From the records below, transcribe exactly the lines that begin at the line with "3. Meaning representation" and end at the line with "そこでクイックティーチャーで", both included.

[Stored entries]
------------

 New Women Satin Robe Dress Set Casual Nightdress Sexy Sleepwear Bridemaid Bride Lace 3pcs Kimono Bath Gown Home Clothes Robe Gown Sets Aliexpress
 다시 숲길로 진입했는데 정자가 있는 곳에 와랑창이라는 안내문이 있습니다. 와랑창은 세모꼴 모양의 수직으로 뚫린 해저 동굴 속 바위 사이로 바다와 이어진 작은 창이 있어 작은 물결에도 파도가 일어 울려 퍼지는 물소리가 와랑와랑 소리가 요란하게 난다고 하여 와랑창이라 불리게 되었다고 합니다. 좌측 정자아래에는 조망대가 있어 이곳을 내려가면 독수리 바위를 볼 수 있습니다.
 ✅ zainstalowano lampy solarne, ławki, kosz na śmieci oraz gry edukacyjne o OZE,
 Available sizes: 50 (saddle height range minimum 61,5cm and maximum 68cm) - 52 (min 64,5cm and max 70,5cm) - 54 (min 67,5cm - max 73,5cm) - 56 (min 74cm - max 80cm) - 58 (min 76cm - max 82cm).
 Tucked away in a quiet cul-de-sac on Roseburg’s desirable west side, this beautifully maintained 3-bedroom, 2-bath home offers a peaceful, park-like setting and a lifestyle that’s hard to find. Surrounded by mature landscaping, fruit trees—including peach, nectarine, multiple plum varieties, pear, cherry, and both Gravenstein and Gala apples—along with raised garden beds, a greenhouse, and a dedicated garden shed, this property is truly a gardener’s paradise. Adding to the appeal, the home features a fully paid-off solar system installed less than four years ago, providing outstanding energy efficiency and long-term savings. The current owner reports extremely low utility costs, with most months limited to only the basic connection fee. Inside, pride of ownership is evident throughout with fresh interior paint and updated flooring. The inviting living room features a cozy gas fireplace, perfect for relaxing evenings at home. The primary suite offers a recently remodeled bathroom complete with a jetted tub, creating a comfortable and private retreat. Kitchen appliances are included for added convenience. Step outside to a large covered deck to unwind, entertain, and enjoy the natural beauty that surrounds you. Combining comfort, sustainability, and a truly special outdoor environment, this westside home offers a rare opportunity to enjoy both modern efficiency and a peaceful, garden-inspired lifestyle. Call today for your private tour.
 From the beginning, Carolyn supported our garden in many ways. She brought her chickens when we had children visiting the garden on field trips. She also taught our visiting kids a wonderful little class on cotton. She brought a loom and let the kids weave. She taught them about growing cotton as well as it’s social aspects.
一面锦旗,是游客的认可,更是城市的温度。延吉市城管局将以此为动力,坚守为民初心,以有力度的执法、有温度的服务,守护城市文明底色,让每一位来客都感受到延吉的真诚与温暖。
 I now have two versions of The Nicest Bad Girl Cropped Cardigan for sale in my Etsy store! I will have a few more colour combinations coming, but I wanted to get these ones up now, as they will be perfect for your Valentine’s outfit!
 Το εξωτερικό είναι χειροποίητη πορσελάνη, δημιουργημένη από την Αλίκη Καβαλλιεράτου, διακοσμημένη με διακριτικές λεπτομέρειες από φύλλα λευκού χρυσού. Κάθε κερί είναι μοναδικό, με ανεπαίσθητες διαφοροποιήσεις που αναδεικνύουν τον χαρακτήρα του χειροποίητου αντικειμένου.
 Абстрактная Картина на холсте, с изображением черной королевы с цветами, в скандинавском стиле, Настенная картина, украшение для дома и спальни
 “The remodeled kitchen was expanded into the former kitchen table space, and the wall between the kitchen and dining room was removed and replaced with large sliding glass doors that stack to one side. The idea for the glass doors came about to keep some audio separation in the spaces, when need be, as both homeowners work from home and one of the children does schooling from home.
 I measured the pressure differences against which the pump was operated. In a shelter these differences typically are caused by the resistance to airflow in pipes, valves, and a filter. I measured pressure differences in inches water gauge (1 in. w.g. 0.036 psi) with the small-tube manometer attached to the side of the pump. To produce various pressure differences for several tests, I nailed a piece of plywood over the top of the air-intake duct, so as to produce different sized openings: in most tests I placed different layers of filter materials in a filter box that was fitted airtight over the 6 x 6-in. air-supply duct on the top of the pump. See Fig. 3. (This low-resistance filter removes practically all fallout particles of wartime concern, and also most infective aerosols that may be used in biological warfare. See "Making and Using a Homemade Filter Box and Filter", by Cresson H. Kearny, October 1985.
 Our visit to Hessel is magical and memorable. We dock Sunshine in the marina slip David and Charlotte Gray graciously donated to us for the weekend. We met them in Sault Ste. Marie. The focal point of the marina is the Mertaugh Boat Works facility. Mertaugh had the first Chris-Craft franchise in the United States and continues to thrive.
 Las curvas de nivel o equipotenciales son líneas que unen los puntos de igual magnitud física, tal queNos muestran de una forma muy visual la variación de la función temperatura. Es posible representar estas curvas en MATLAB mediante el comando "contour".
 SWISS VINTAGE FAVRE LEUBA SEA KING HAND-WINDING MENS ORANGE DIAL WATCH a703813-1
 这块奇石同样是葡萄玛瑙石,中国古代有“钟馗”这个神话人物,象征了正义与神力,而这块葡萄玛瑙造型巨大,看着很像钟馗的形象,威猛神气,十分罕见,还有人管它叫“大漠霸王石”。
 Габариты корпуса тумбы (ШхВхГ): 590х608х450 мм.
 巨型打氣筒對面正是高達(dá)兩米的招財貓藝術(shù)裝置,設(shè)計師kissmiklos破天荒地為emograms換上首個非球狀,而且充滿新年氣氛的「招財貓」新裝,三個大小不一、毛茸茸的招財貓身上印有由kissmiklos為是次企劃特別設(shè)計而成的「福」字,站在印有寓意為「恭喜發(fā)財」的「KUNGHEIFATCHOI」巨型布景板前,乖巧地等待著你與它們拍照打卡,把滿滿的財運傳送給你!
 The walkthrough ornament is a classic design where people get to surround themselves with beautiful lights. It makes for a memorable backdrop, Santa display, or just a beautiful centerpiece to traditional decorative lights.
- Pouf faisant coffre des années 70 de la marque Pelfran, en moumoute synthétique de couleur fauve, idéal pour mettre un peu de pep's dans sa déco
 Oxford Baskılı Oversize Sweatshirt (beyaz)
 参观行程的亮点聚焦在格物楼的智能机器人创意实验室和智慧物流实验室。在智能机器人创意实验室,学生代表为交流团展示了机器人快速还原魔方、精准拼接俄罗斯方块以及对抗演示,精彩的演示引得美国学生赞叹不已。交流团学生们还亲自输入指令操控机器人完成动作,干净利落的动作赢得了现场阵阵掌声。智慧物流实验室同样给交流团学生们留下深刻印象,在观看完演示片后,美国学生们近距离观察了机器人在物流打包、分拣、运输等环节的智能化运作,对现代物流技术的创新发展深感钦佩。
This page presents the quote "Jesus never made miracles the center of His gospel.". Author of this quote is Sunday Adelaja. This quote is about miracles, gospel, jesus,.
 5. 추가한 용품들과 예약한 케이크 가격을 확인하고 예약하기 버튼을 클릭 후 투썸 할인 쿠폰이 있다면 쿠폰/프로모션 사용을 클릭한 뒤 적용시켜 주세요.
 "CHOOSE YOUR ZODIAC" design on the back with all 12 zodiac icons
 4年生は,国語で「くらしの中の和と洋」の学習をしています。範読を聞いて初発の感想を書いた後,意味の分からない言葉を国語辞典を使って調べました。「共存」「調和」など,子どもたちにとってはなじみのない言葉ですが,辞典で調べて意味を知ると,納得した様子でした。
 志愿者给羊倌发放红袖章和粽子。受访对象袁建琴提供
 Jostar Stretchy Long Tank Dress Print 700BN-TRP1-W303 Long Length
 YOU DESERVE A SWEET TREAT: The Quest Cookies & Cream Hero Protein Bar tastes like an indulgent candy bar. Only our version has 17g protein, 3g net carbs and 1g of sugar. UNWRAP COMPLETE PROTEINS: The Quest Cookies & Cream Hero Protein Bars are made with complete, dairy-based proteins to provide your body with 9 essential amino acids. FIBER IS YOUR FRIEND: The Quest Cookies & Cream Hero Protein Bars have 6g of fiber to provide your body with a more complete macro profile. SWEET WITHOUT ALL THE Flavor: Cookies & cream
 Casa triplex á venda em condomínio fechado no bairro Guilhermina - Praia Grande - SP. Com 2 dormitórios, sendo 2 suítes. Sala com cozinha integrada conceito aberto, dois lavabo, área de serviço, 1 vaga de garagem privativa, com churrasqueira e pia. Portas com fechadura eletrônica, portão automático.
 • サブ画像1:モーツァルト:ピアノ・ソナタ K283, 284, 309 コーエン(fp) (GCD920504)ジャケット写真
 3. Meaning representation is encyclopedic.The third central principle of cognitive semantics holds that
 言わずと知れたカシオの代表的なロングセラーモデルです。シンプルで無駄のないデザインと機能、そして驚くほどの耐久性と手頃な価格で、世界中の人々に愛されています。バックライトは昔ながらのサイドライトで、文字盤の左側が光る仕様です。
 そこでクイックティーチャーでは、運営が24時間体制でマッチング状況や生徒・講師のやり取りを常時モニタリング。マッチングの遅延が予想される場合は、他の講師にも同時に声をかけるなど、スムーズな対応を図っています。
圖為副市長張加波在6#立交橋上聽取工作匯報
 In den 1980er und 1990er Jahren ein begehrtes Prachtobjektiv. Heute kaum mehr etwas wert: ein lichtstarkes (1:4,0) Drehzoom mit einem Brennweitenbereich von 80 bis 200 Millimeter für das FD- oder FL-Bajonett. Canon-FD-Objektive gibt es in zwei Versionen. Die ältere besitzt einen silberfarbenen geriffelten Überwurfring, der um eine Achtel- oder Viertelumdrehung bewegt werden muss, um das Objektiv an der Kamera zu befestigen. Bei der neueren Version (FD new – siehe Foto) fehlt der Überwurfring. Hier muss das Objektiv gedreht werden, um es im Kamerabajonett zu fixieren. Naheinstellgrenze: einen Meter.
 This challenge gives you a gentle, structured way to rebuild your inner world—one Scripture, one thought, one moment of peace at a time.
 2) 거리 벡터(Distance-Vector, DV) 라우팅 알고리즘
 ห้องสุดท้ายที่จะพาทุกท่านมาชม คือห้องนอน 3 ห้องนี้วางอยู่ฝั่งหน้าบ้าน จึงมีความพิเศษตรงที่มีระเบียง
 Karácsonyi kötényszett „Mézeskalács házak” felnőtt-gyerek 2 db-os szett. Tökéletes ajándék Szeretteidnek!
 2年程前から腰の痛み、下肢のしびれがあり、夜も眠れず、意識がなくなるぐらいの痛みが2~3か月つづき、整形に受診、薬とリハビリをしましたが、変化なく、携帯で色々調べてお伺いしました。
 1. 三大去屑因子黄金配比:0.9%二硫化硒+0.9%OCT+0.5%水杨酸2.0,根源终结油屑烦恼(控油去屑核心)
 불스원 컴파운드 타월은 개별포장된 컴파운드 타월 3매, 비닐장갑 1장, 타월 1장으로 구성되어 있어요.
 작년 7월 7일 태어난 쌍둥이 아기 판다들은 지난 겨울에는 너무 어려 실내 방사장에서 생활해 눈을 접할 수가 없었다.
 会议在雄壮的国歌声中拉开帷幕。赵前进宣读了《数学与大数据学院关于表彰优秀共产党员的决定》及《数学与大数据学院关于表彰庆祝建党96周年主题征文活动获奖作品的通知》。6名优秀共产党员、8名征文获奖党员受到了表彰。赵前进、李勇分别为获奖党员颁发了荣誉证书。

------------

[Task result]
 3. Meaning representation is encyclopedic.The third central principle of cognitive semantics holds that
 言わずと知れたカシオの代表的なロングセラーモデルです。シンプルで無駄のないデザインと機能、そして驚くほどの耐久性と手頃な価格で、世界中の人々に愛されています。バックライトは昔ながらのサイドライトで、文字盤の左側が光る仕様です。
 そこでクイックティーチャーでは、運営が24時間体制でマッチング状況や生徒・講師のやり取りを常時モニタリング。マッチングの遅延が予想される場合は、他の講師にも同時に声をかけるなど、スムーズな対応を図っています。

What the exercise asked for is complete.